▸ **Data under study**:
************

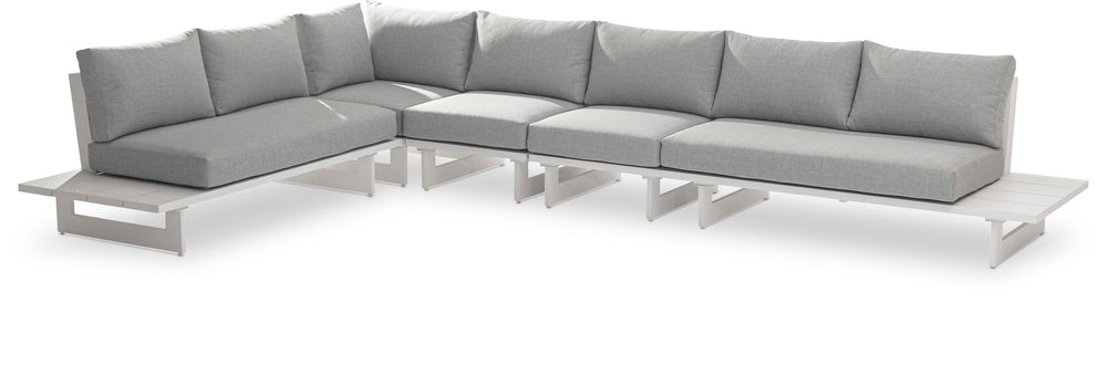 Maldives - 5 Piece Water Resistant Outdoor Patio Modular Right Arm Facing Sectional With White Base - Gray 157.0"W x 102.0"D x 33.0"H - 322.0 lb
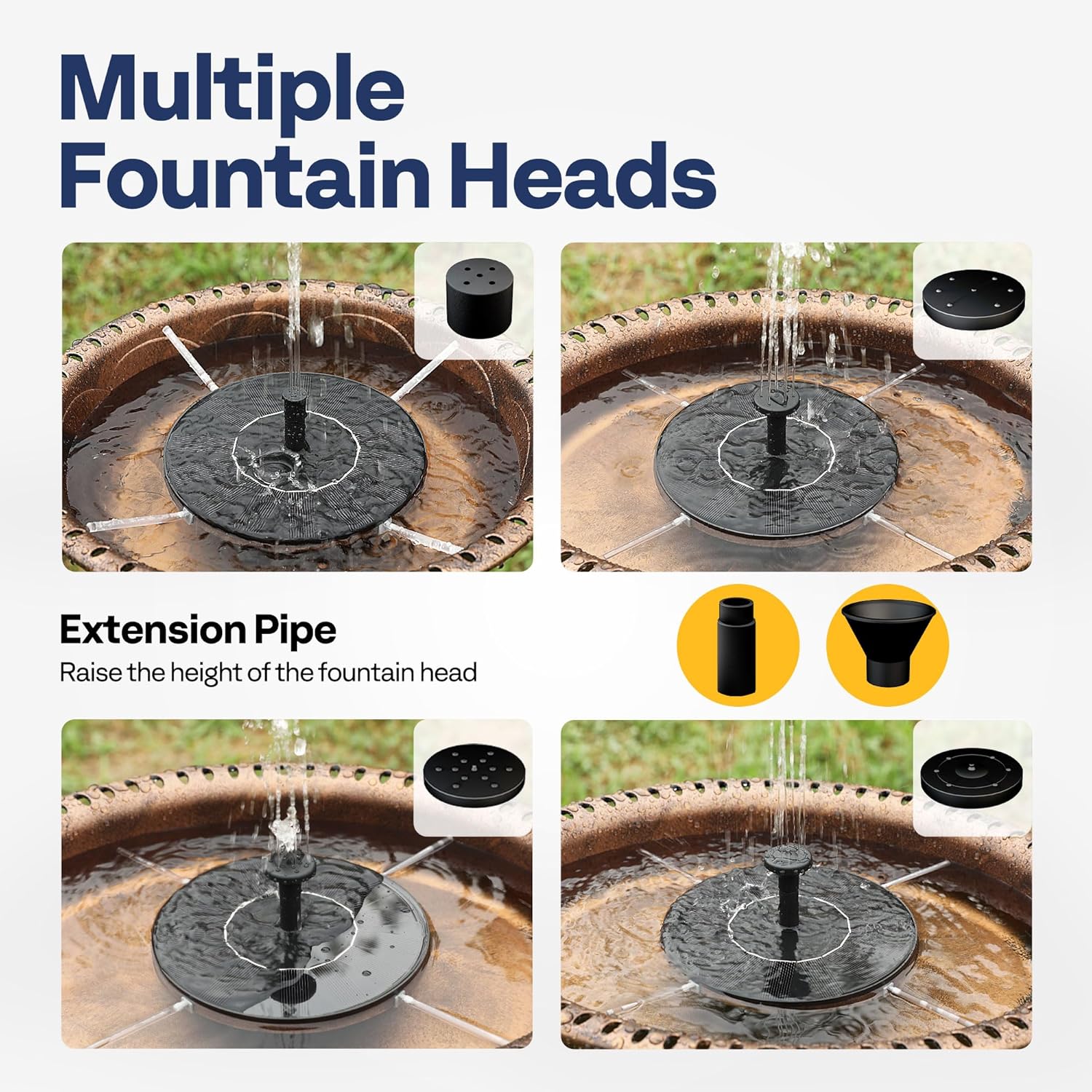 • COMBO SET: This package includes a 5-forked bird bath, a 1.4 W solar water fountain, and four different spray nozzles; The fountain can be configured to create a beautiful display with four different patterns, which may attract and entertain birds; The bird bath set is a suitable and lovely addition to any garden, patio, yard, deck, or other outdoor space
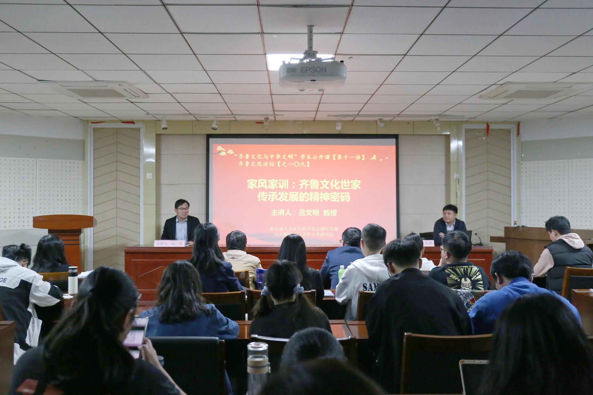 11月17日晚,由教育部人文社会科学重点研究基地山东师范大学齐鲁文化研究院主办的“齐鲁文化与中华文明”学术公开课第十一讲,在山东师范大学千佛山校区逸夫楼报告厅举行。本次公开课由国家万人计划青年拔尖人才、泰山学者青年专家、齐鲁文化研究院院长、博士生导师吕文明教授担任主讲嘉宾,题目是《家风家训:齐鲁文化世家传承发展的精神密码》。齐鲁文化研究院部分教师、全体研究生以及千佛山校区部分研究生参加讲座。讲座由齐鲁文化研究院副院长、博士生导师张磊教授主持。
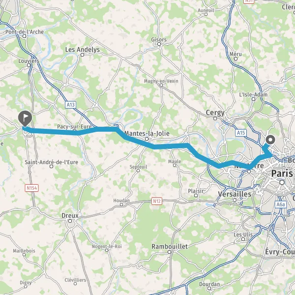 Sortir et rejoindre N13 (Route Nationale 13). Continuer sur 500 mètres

************

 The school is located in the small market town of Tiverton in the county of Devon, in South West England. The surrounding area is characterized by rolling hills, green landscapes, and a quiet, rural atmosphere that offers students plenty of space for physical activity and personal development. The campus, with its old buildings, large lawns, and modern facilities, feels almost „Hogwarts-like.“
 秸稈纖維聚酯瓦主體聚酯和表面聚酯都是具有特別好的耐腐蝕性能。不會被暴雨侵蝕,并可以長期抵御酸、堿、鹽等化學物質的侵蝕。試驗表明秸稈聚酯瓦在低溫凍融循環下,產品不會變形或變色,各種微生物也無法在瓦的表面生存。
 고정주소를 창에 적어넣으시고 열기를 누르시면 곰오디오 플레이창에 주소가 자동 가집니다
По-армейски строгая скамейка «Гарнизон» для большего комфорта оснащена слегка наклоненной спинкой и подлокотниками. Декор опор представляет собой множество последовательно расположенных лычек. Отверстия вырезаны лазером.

************

▸ **Work order**:
Leaving each picture behind, please give again exactly the lines above from the one with "Maldives - 5" through the one with "Sortir et rejoindre", both included, and no others.

▸ **Answer section**:
 Maldives - 5 Piece Water Resistant Outdoor Patio Modular Right Arm Facing Sectional With White Base - Gray 157.0"W x 102.0"D x 33.0"H - 322.0 lb
 • COMBO SET: This package includes a 5-forked bird bath, a 1.4 W solar water fountain, and four different spray nozzles; The fountain can be configured to create a beautiful display with four different patterns, which may attract and entertain birds; The bird bath set is a suitable and lovely addition to any garden, patio, yard, deck, or other outdoor space
 11月17日晚,由教育部人文社会科学重点研究基地山东师范大学齐鲁文化研究院主办的“齐鲁文化与中华文明”学术公开课第十一讲,在山东师范大学千佛山校区逸夫楼报告厅举行。本次公开课由国家万人计划青年拔尖人才、泰山学者青年专家、齐鲁文化研究院院长、博士生导师吕文明教授担任主讲嘉宾,题目是《家风家训:齐鲁文化世家传承发展的精神密码》。齐鲁文化研究院部分教师、全体研究生以及千佛山校区部分研究生参加讲座。讲座由齐鲁文化研究院副院长、博士生导师张磊教授主持。
 Sortir et rejoindre N13 (Route Nationale 13). Continuer sur 500 mètres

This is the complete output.